持续了近一个小时的丶堪称本世纪最顶尖特种作战力量与技术兵器之间爆发的激烈攻防战,其烈度与科技含量远超外界任何想像,最终以「先知基金会」精锐突击部队的被迫撤退而暂告段落。
当最后一架涂装着基金会徽标丶机身布满焦黑弹痕与能量灼烧印记的「魅影」突击艇,拖着不稳定的尾焰,狼狈地消失在基地远程防空飞弹的极限射程边缘时,「烛龙」基地内外,已是一片狼藉,空气中弥漫着刺鼻的硝烟丶臭氧丶以及某种特殊冷却剂泄漏的怪异气味。

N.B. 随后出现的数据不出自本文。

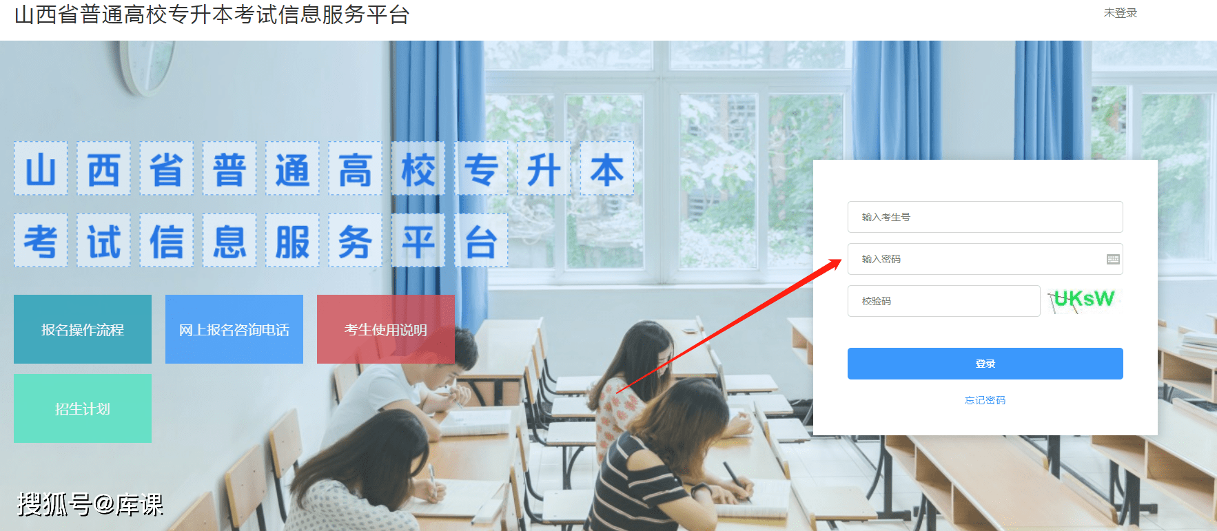 1.考生登录“山西招生考试网”(http://www.sxkszx.cn),选择首页右上方的“考生登录”;(如图)

基地最外层的防御工事多处受损,伪装用的植被和地表结构被掀翻,露出下面加固的合金装甲,上面布满了雷射烧蚀的深坑和电磁炮弹丸撞击的凹痕。自动哨戒炮塔有的被彻底摧毁,变成扭曲的废铁;有的还在顽强地转动着受损的基座,发出吱嘎的摩擦声。能量屏障发生器过载烧毁的刺鼻气味从通风口阵阵传来。地下渗透通道的入口处,战斗最为惨烈,焦黑的弹坑丶凝固的血迹丶破碎的外骨骼装甲碎片和能量武器的残骸散布四处,无声地诉说着刚才战斗的残酷。
所幸,得益于卓越在关键时刻那如同神启般的无意识贡献,基地最核心的研发区域丶指挥中枢以及人员集中的避难所都得以保全,将人员伤亡和关键设施损失控制在了可接受的范围内。但所有人都清楚,这只是一次惨烈的战术性胜利。基地的位置丶部分防御体系的配置以及所展现出的某些技术特徵,无疑已彻底暴露在「先知基金会」的视野中。长期以来在阴影中进行的对抗,从这一刻起,已被迫摆上了明面,未来的冲突必将更加直接丶更加激烈。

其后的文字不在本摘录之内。